ETUC deputy general secretary Józef Niemiec presented a number of proposals for action during a consultative meeting of trade unions and employers on the 2015 Annual Growth Survey. The AGS is due for publication by the European Commission in November and will include the economic and social priorities for the coming year.

The ETUC argues that there is still no sign of a sustainable recovery and that price developments in Europe even raise the possibility of a slump into deflation.

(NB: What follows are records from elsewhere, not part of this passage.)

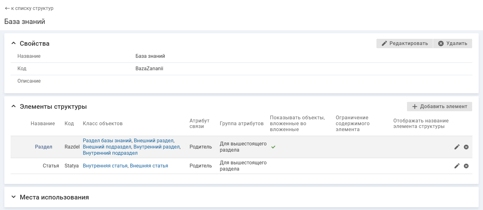 Места использования — перечисляются все настройки, где используется структура:
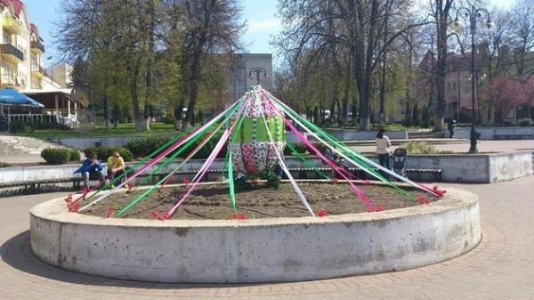 Перед Великоднем на площі Героїв у Калуші з’явився незвичний об’єкт — гігантська писанка, прикрашена квітами та стрічками.
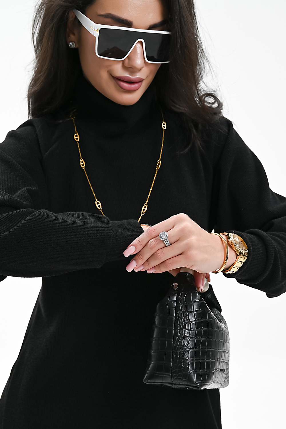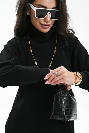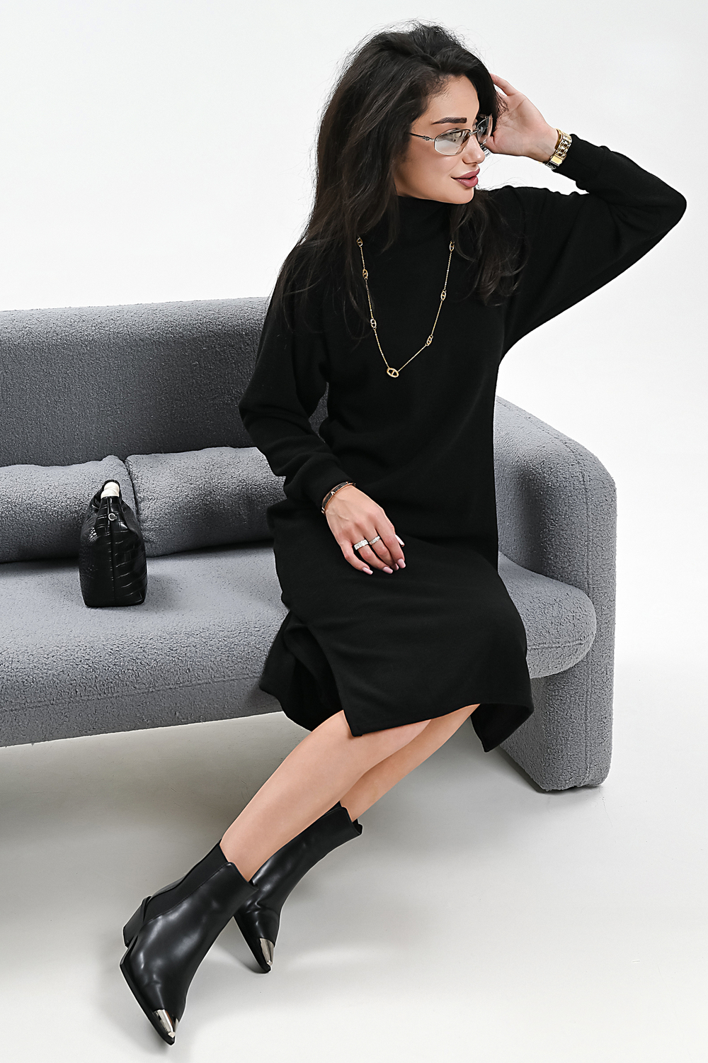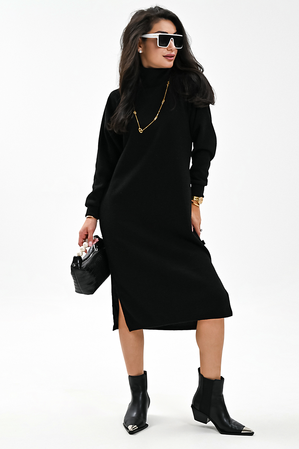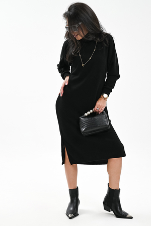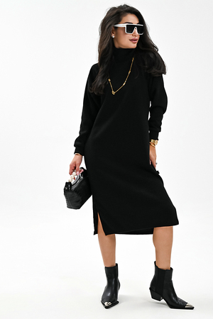 Это стильное вязаное платье черного, бежевого и белого цвета станет незаменимой вещью в вашем осенне-зимнем гардеробе. Модель прямого покроя с длинными рукавами и воротником-стойкой прекрасно подойдет для повседневной носки. Разрез на юбке добавляет образу изысканности и женственности. Платье выполнено из мягкого и приятного к телу материала с добавлением спандекса, что обеспечивает комфорт и свободу движений. Его универсальный черный цвет легко сочетается с различными аксессуарами и обувью.
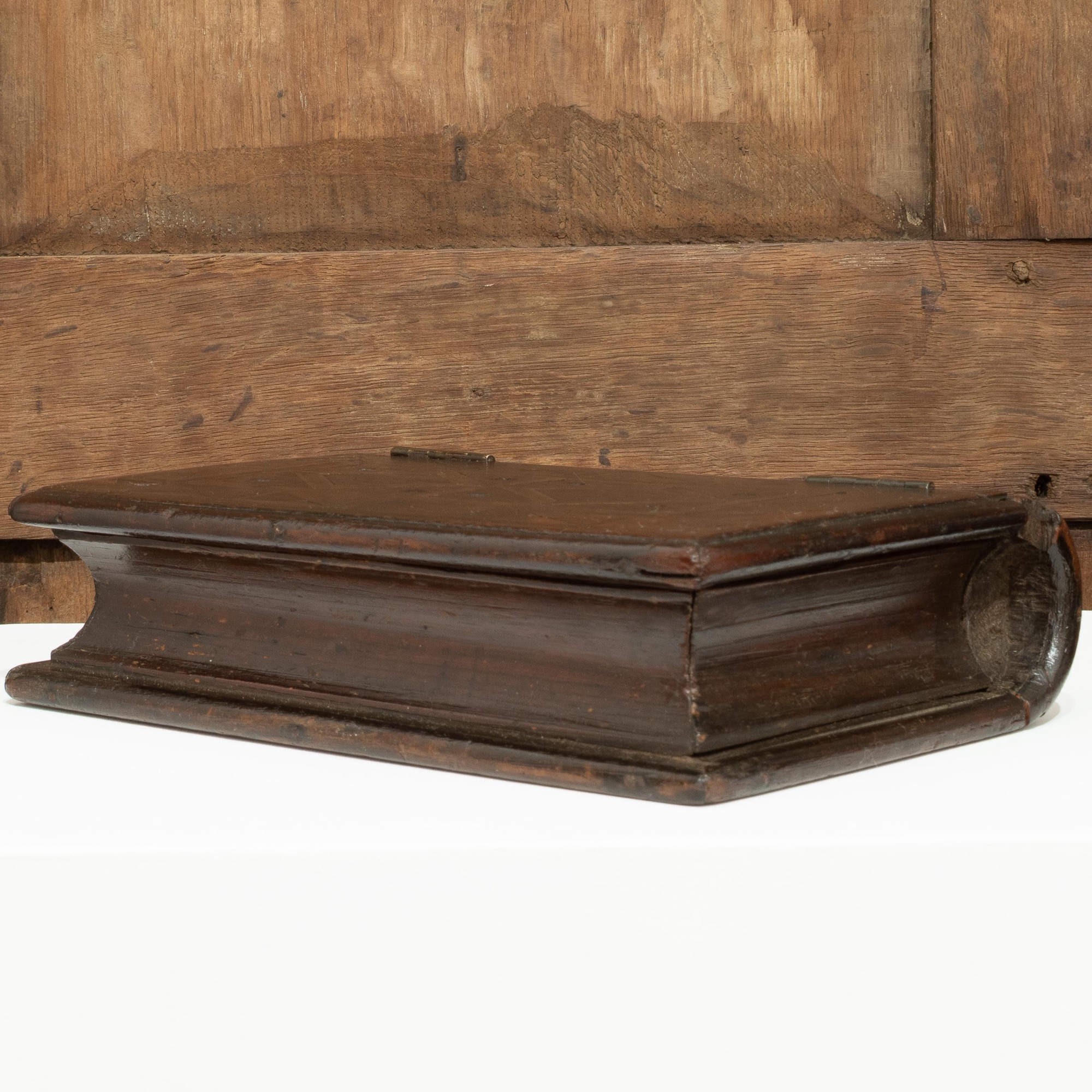 The hinged lid geometric inlaid with various specimen timbers, and highlighted with chip-carving, the semi-circular 'spine' linear inlaid and the sides of convex-form to represent pages
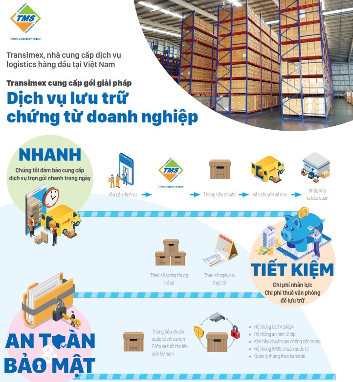 Transimex rất hân hạnh giới thiệu một dịch vụ hoàn toàn mới của công ty nhằm đáp ứng các yêu cầu này – kho lưu trữ chứng từ với tiêu chí “Tiết kiệm- Bảo mật”.
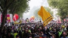 Към традиционните първомайски шествия, организирани от синдикатите, се присъединиха жълти жилетки, за да изразят недоволството си от икономическата политика на президента Еманюел Макрон.
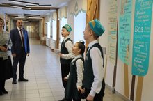 Кунагыбыз, мәктәптә эшләүче “Асылташ” балалалар театры эшчәнлегенә бәя биреп, укучыларның ихлас йөрәктән уйнауларын билгеләп үтте.Сегодня наша школа приняла гостей.Василь Гаптелгаязович посетил нашу школу, осмотрел кабинет татарского языка, музей, возложил цветы к бюсту Мусы Джалиля. Гость, оценив деятельность детского театра “Асылташ”, работающего в школе, отметил, что ученики играют от всего сердца.
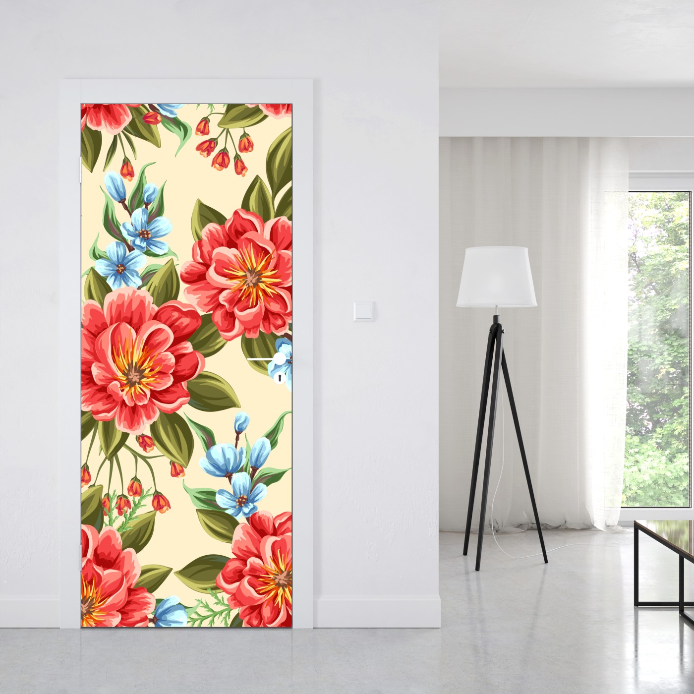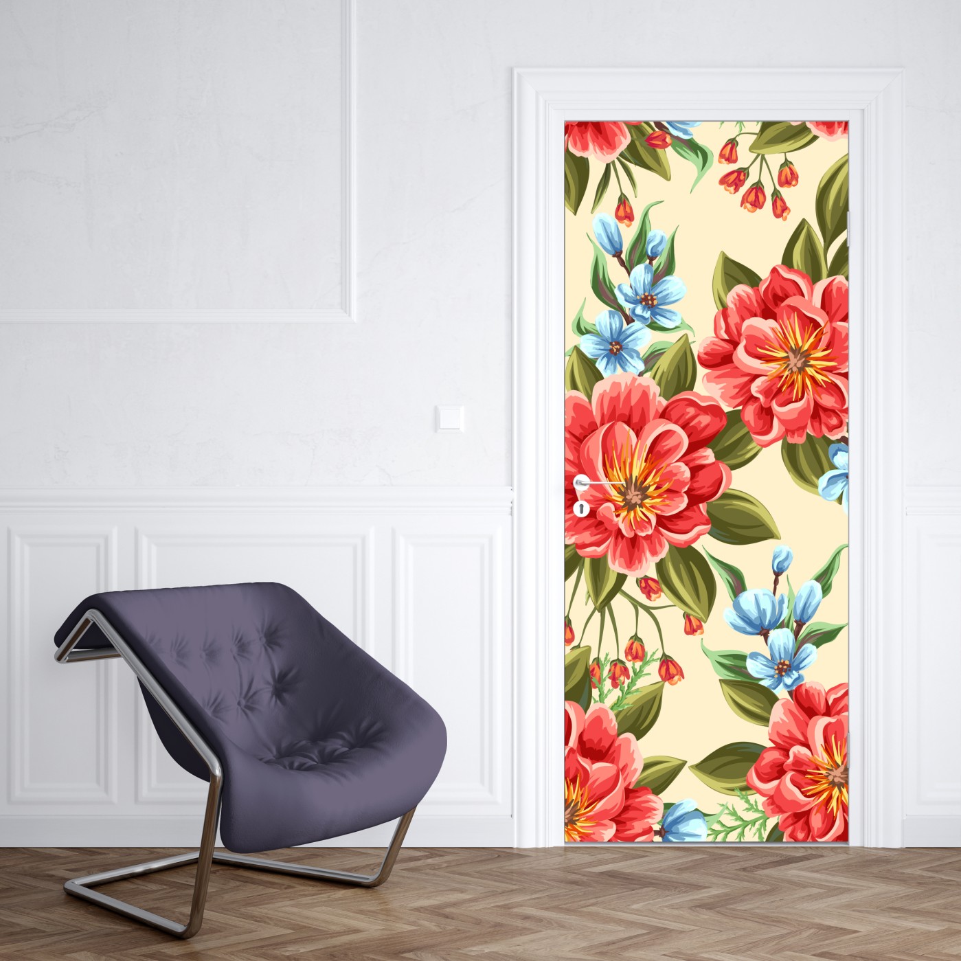 Naklejka na drzwi Intensywny akwarelowy wzór kwiatowy
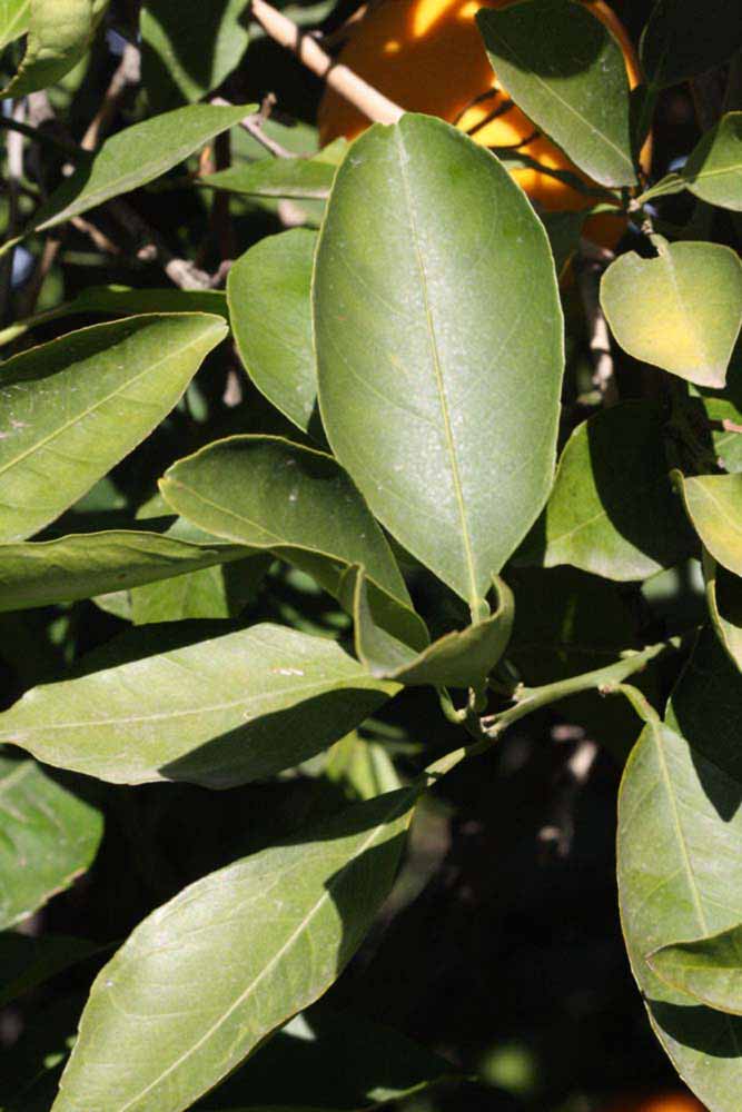 Crown compact or dense, not weeping. First-year twig surface glabrous; second- or third-year twig surface striate; thorns absent or not persistent; prickles absent or not persistent. Petiole glabrous, length medium; wings medium, adjoining the blade. Leaflets one, margin bluntly toothed. shade leaflet blades weakly conduplicate, sun leaflet blades weakly conduplicate. Scent of crushed leaflets sweetly orange-like. Fruit as broad as long or longer than broad; rind yellow-orange (11), orange (12), or red-orange (13); rind texture slightly rough (4-5); firmness leathery; navel present; flesh orange; taste acidic-sweet.
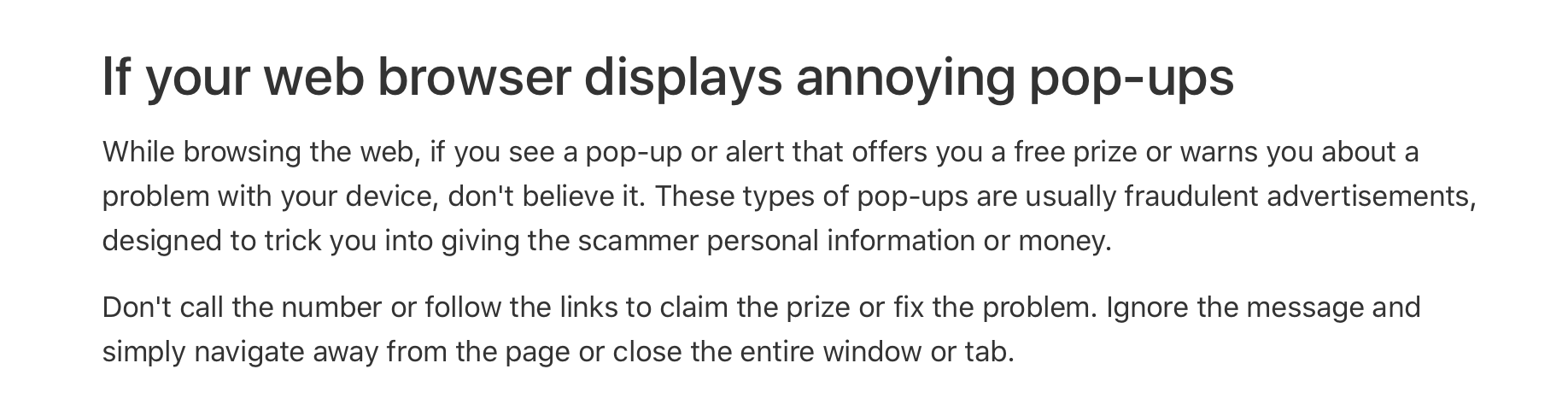 I got a popup that says “Your system is infected with (3) Viruses … - Apple Community

With continuing low levels of private investment the ETUC is calling for more flexibility in the Stability and Growth Pact to allow for a boost to public investment.

The ETUC also calls for the European Central Bank to play a role here and take responsibility for direct financing of public investment so that countries are not dependent on high-interest lending from the international markets.

EPSU strongly endorsed the ETUC proposals adding that public investment across Europe is below the level it was before the crisis and that even bringing back to that level would require an additional €65 billion a year. EPSU also challenged the Commission’s concept of “growth-friendly fiscal consolidation”, saying that there was little, if any, evidence that any country had managed to restructure public finances without undermining growth.

The public service employers’ organisation, CEEP, also underlined the need to increase public investment and, along with EPSU, made the case for the long-term benefits that derive from more investment in areas such as healthcare and early years education.

Another key debate during the meeting was over the impact of labour market reform with the ETUC and representatives of trade union confederations from Spain and Portugal arguing strongly that the modest levels of recovery in their countries had nothing to do with increased flexibility in the labour market or the weakening of collective bargaining.